The Frederick & Jan Mayer Center at the Denver Art Museum [2] is dedicated to increasing awareness and promoting scholarship in the fields of Pre-Columbian and Spanish Colonial art through the New World collections of the Denver Art Museum. To this end, the Mayer Center sponsors annual symposia and publication of their proceedings, the publication of additional volumes as it sees fit, research opportunities including a resident fellowship program and periodic study tours to Latin America and Spain.
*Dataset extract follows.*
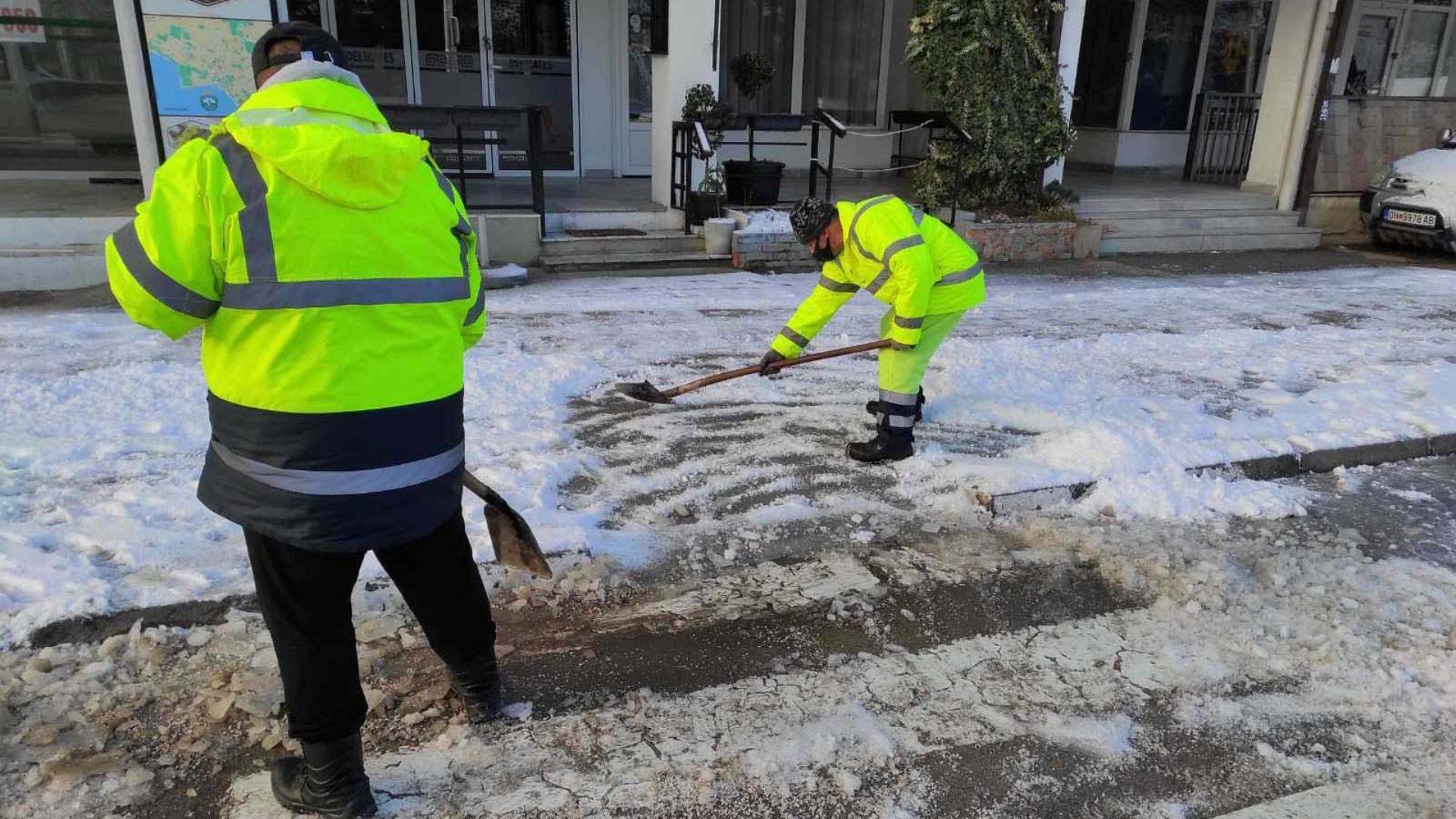 Со новите снежни врнежи кои го зафатија охридскиот регион уште од синoќа дежурните екипи на Ј.П.„Охридски Комуналец” излегоа веднаш на терен.

The programming of the Mayer Center is developed and administered by the staff of the New World Department, Denver Art Museum.

Pre-Columbian

The Denver Art Museum Pre-Columbian Collection is encyclopedic in breath and depth, and exhibited in an open storage gallery, allowing scholars to view the entire collection. The Pre-Columbian collection represents nearly every major culture in Mesoamerica, lower Central America, and South America. The collection’s greatest strength is the Mayer Central American collection which includes gold, jade, stone and earthenware from Costa Rica, Nicaragua and Panama. Mayan art from Mexico, Guatemala and Belize is especially significant and contains a large number of very important works. Other significant holdings from Mesoamerica include our West Mexican, Teotihuacan and Olmec collections. South American collections are especially strong in Ecuadorian and Colombian art and in several of the Peruvian styles, particularly Moche, Wari, Tiwanaku and Chimu.

Spanish Colonial

The museum collection of Spanish Colonial painting and furniture is especially strong in Mexican painting, largely due to the collecting interests and generosity of the Mayer family. Another area of great strength is Peruvian Colonial paintings from the Frank Barrows Freyer Collection. Silver holdings, comprising the Appleman and Stapleton collections, and furniture holdings from all over Latin America represent a comprehensive collection. The Anne Evans collection of Spanish Colonial art from the southwestern United States is yet another significant strength of the collection.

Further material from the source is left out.